5.02 The role of hospital pharmacies should be analysed
It is Lif’s view that an unfortunate competition between private companies and hospital pharmacies exists today. Medicine should only to a very limited extent and only under special circumstances be given from the hospital pharmacies instead of from the private pharmacies. Hospital pharmacies and medicine depots should only supply the hospitals in the regions to which they are linked. Production at hospital pharmacies and in the private sector ought to be put on an equal footing. That means that production at hospital pharmacies must not be allowed to distort competition through hidden subsidies from public funds or cross-subsidising from other activities. Therefore, hospital pharmacies’ accounts should show all the costs associated with their activities. Moreover, the cost calculations must be accessible and transparent. The hospitals-sector supplier Amgros is responsible for a large proportion of the supply of medicines to hospitals. Since in principle Amgros is acting on behalf of the hospital pharmacies, there is an unfortunate conflict of interests.

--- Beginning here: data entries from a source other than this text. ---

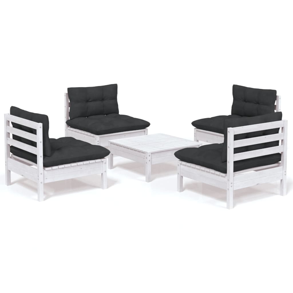 vidaXL 5-dielny záhradný set s antracitovými vankúšmi borovicové drevo
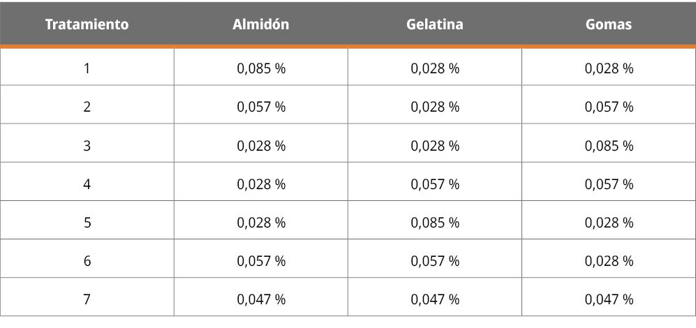 Tabla 1. Composición de almidón, gelatina y mezcla de gomas de los distintos tratamientos del diseño experimental.
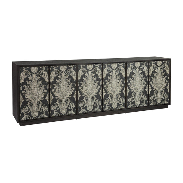 - Features six wood framed fabric covered doors, six adjustable shelves, a ventilated back, and a recessed plinth base.
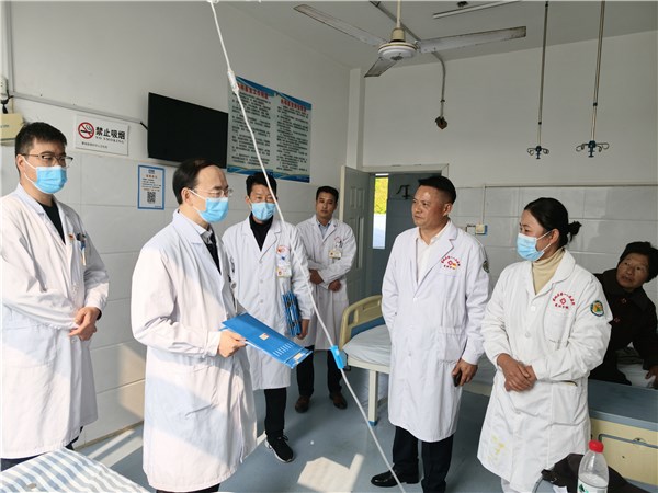 上午11点30分义诊结束后,李伟副书记带领专家团队并未停歇,而是径直走进楚村镇中心卫生院住院病房。每到一间病房,专家们都认真查看患者病历,俯身询问患者恢复情况,仔细检查伤口、查看各项检查报告,与管床医生深入交流当前治疗方案。针对一位慢性阻塞性肺疾病患者,呼吸与重症医学科李伟、周晓宇专家共同会诊,结合患者病情调整了用药方案,并叮嘱医护人员“要密切关注患者血氧饱和度变化,指导其正确进行呼吸功能锻炼”;在心血管内科患者病房,陈耀专家详细讲解了冠心病患者术后护理的关键要点,为患者和家属吃下“定心丸”。
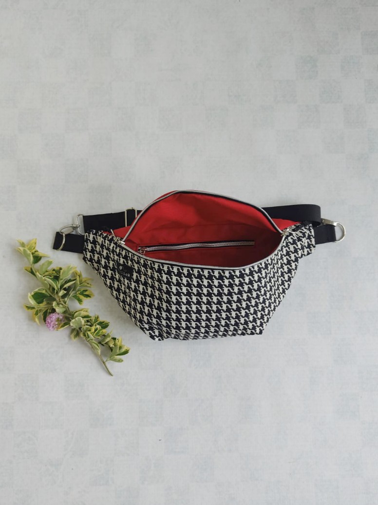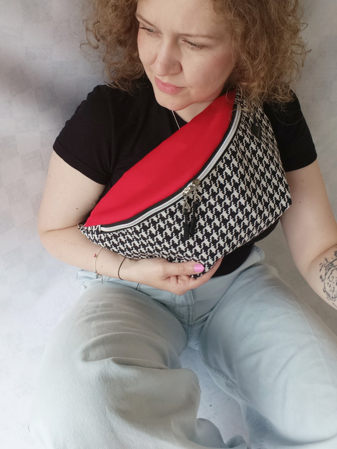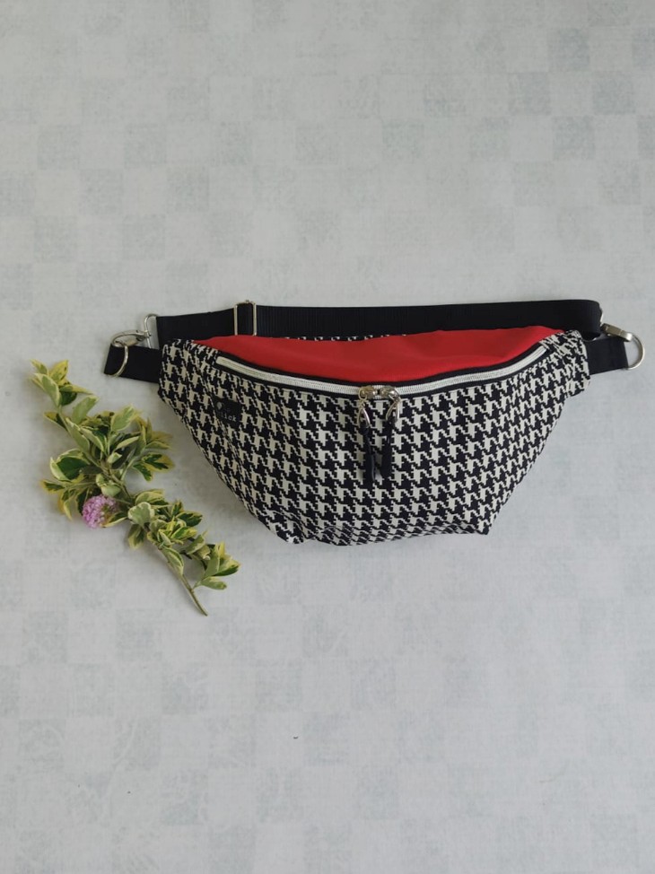 Nerka w rozmiarze XL uszyta z tkanin wodoodpornych Oxford ( pepitka i czerwona, gładka tkanina). Posiada kieszeń zamykaną na zamek w środku oraz dwie taśmy nośne ( krótszą i dłuższą).
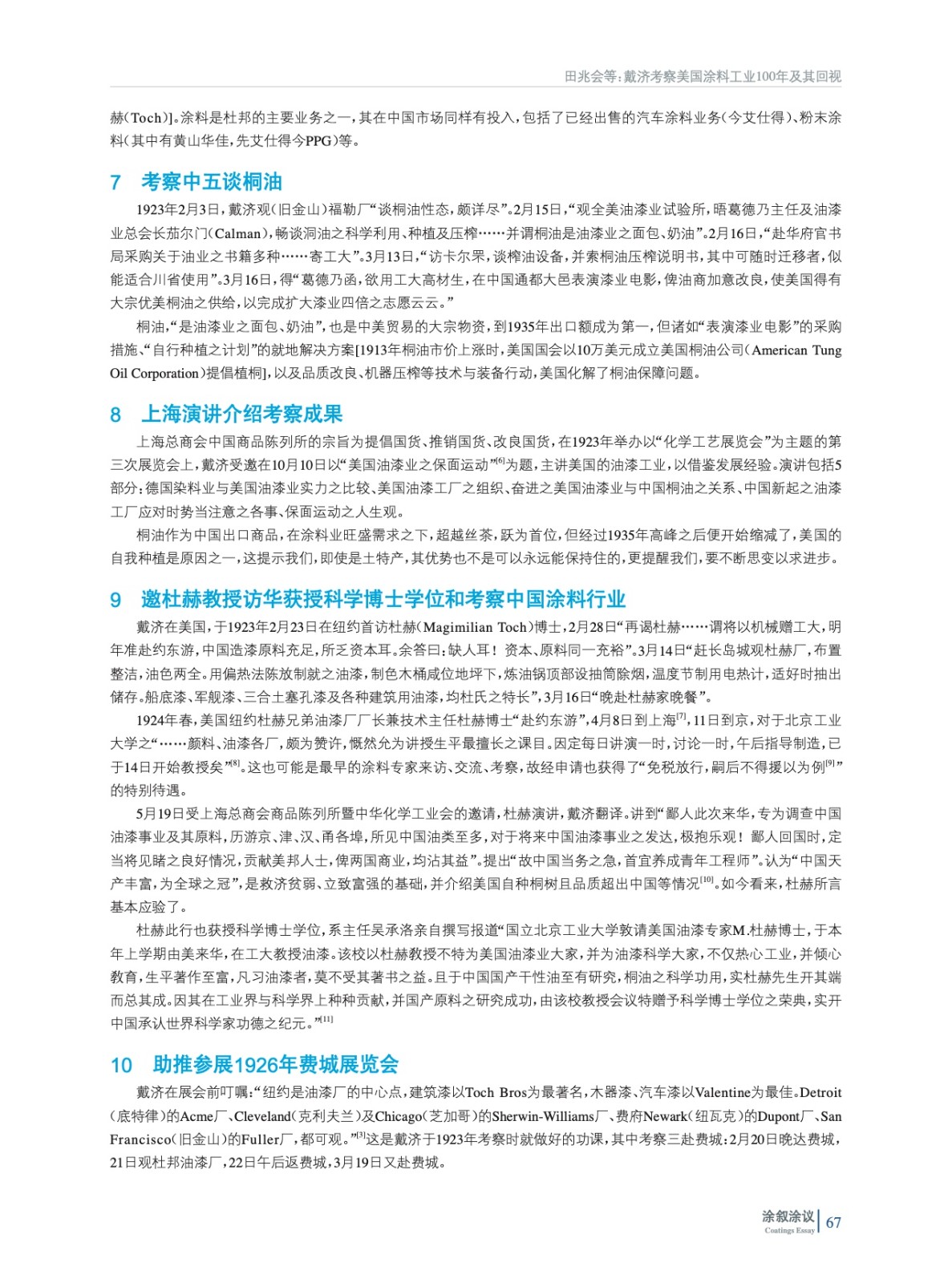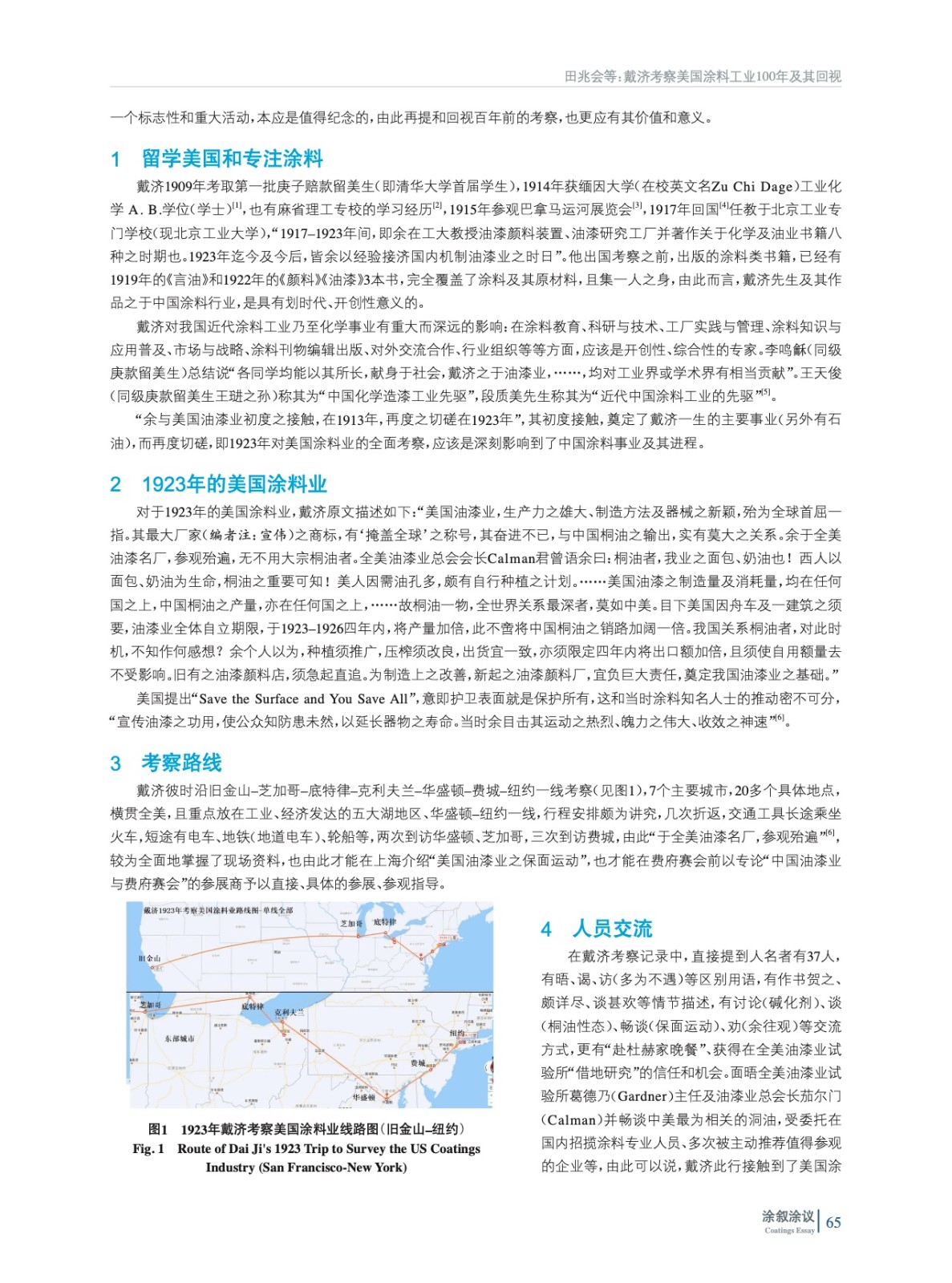 摘要:100年前的1923年,戴濟(jì)(字汝楫)考察美國涂料業(yè),時(shí)間跨度為1月31日至4月13日,歷時(shí)73天,主要沿舊金山–紐約一線,參觀至少34家工廠、13處公共機(jī)構(gòu),會(huì)晤37人,并寫成《游美紀(jì)程》一文,收錄在《油漆季刊(費(fèi)府賽會(huì)號(hào))》中,在10月10日于上??偵虝?huì)商品陳列所第三次展覽會(huì)暨化學(xué)工藝展覽會(huì)(1923年)上,發(fā)表題為“美國油漆業(yè)之保面運(yùn)動(dòng)”的演講,促成杜赫于1924年來華“專為調(diào)查中國油漆事業(yè)及其原料”,也由此開啟和奠定中美涂料業(yè)的相互交流的基礎(chǔ)。當(dāng)初這第一步走出去之時(shí),正值我國從原始大漆、桐油開始轉(zhuǎn)型、現(xiàn)代涂料工業(yè)起步之際。此行作為中國涂料發(fā)展歷程的一個(gè)標(biāo)志性和重大活動(dòng),本應(yīng)是值得紀(jì)念的,由此再提和回視百年前的考察,也更應(yīng)有其價(jià)值和意義。

The hospital pharmacies’ own production of medicines might possibly gain a favourable position in Amgros’s tender rounds thanks to knowledge of bids received, and it cannot be excluded that it is in fact the hospital pharmacies’ own production to which calls for tenders are matched. Also, the hospital pharmacies’ own production is maintained, even if those product groups are simultaneously the subject of a public call for tenders.
Lif believes:
- that it is unfortunate that the hospital pharmacies produce medicine in many of the areas that are the subject of Amgros public calls for tenders without themselves participating in this form of price competition.